▶ _Activity_
Only one span is wanted from the lines below: from the one with "The rooster and" up to and including the one with "泊まりたい宿泊施設は「豪華リ". Copy it exactly, without images.

▶ _Excerpted records_
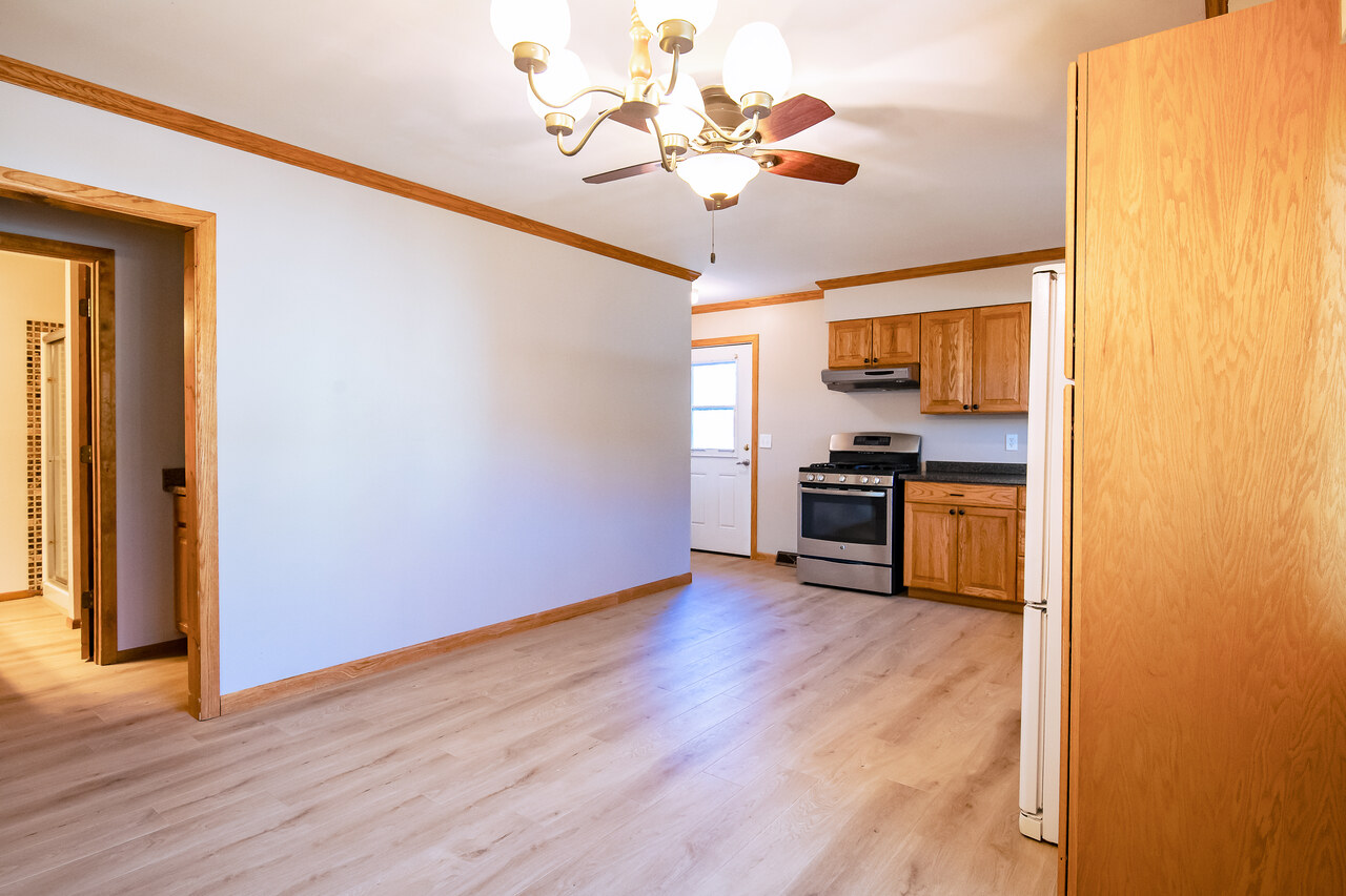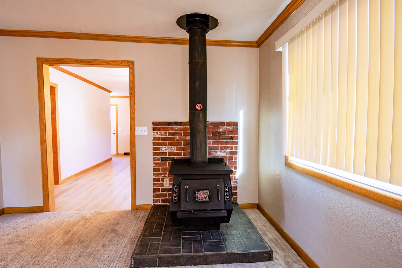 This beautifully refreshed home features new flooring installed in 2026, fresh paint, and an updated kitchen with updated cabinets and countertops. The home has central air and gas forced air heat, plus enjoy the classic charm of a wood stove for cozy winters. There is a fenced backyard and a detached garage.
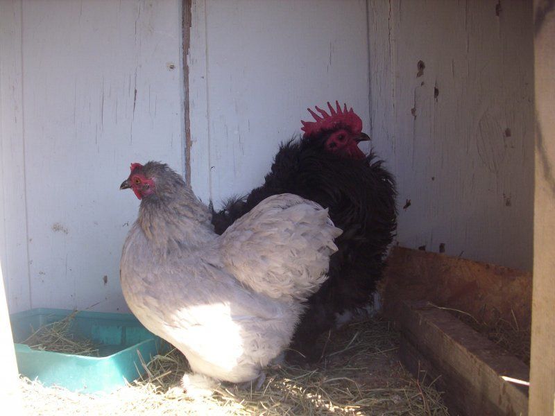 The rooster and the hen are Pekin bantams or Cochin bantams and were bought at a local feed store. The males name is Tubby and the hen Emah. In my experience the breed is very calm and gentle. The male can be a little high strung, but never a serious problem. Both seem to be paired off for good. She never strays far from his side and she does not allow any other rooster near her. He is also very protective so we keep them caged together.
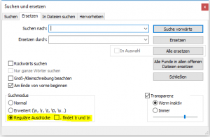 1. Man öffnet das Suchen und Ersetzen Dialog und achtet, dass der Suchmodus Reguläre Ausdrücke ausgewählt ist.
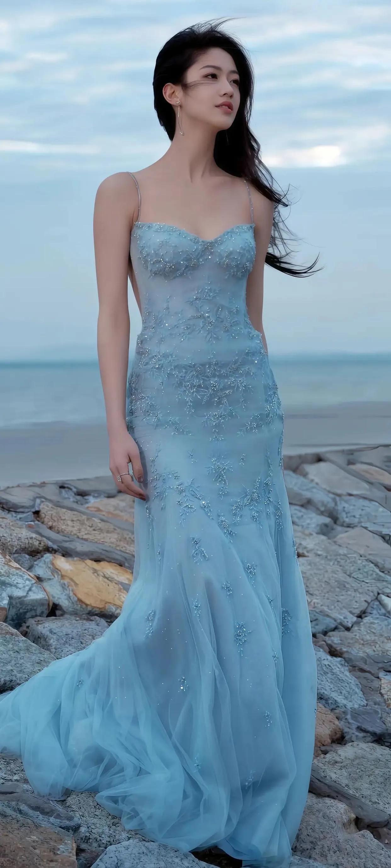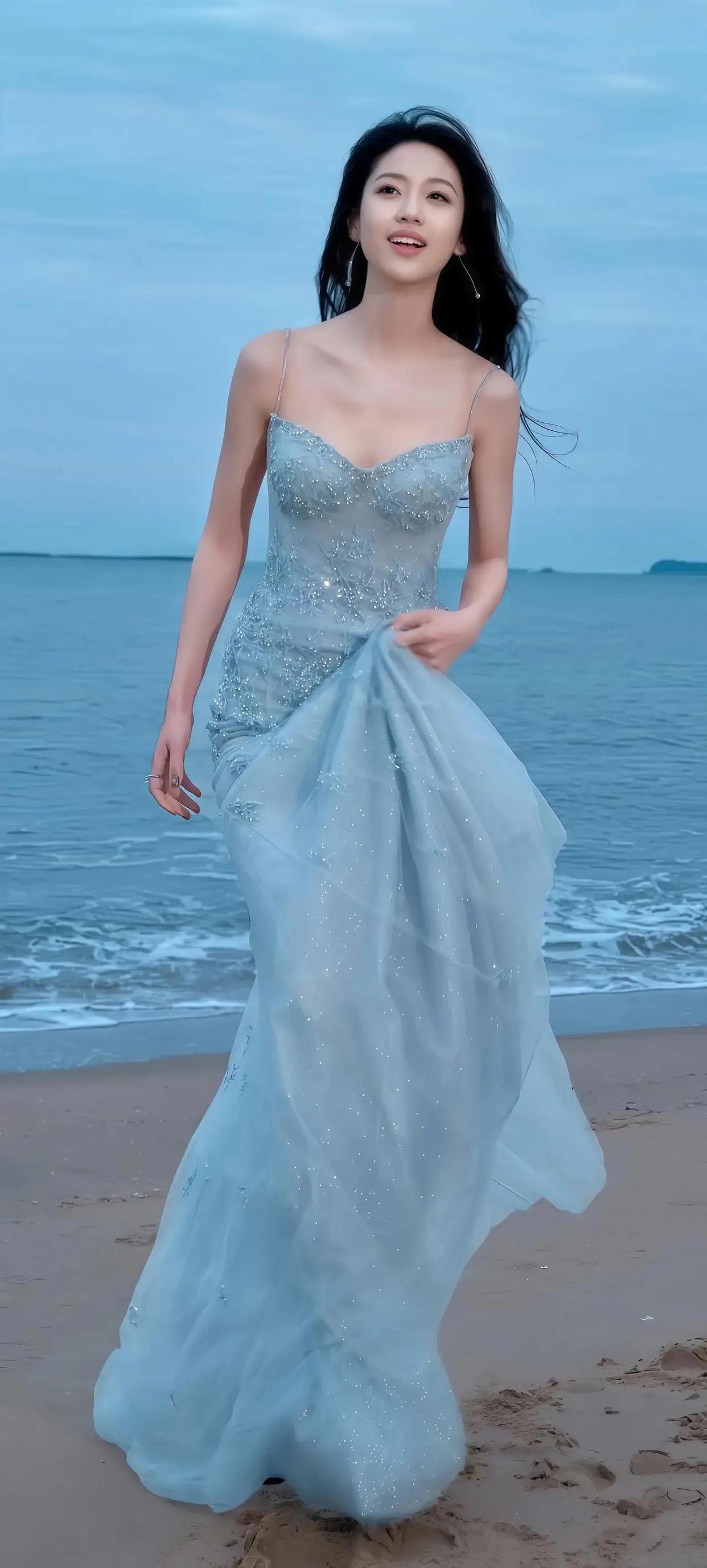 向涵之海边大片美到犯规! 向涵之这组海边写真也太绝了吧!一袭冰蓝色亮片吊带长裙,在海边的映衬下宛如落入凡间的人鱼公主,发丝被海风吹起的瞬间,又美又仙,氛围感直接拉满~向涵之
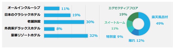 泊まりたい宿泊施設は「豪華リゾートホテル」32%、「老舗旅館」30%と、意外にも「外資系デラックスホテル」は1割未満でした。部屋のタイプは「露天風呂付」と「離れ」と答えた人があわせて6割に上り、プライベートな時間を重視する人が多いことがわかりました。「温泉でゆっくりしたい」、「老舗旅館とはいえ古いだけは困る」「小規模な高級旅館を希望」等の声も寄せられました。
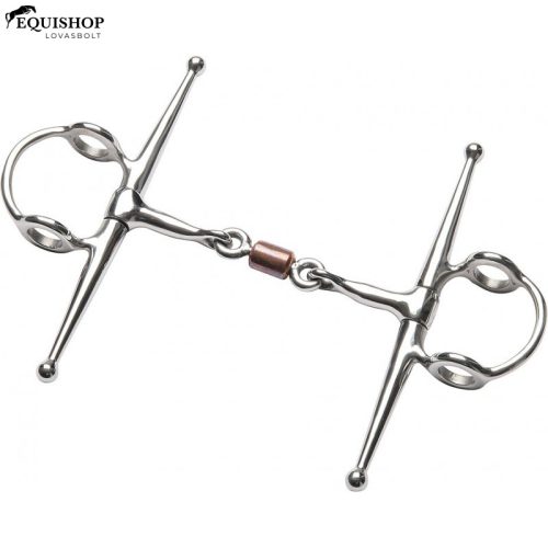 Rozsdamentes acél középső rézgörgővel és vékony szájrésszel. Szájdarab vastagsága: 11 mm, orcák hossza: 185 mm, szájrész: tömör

▶ _Output for this task_
 The rooster and the hen are Pekin bantams or Cochin bantams and were bought at a local feed store. The males name is Tubby and the hen Emah. In my experience the breed is very calm and gentle. The male can be a little high strung, but never a serious problem. Both seem to be paired off for good. She never strays far from his side and she does not allow any other rooster near her. He is also very protective so we keep them caged together.
 1. Man öffnet das Suchen und Ersetzen Dialog und achtet, dass der Suchmodus Reguläre Ausdrücke ausgewählt ist.
 向涵之海边大片美到犯规! 向涵之这组海边写真也太绝了吧!一袭冰蓝色亮片吊带长裙,在海边的映衬下宛如落入凡间的人鱼公主,发丝被海风吹起的瞬间,又美又仙,氛围感直接拉满~向涵之
 泊まりたい宿泊施設は「豪華リゾートホテル」32%、「老舗旅館」30%と、意外にも「外資系デラックスホテル」は1割未満でした。部屋のタイプは「露天風呂付」と「離れ」と答えた人があわせて6割に上り、プライベートな時間を重視する人が多いことがわかりました。「温泉でゆっくりしたい」、「老舗旅館とはいえ古いだけは困る」「小規模な高級旅館を希望」等の声も寄せられました。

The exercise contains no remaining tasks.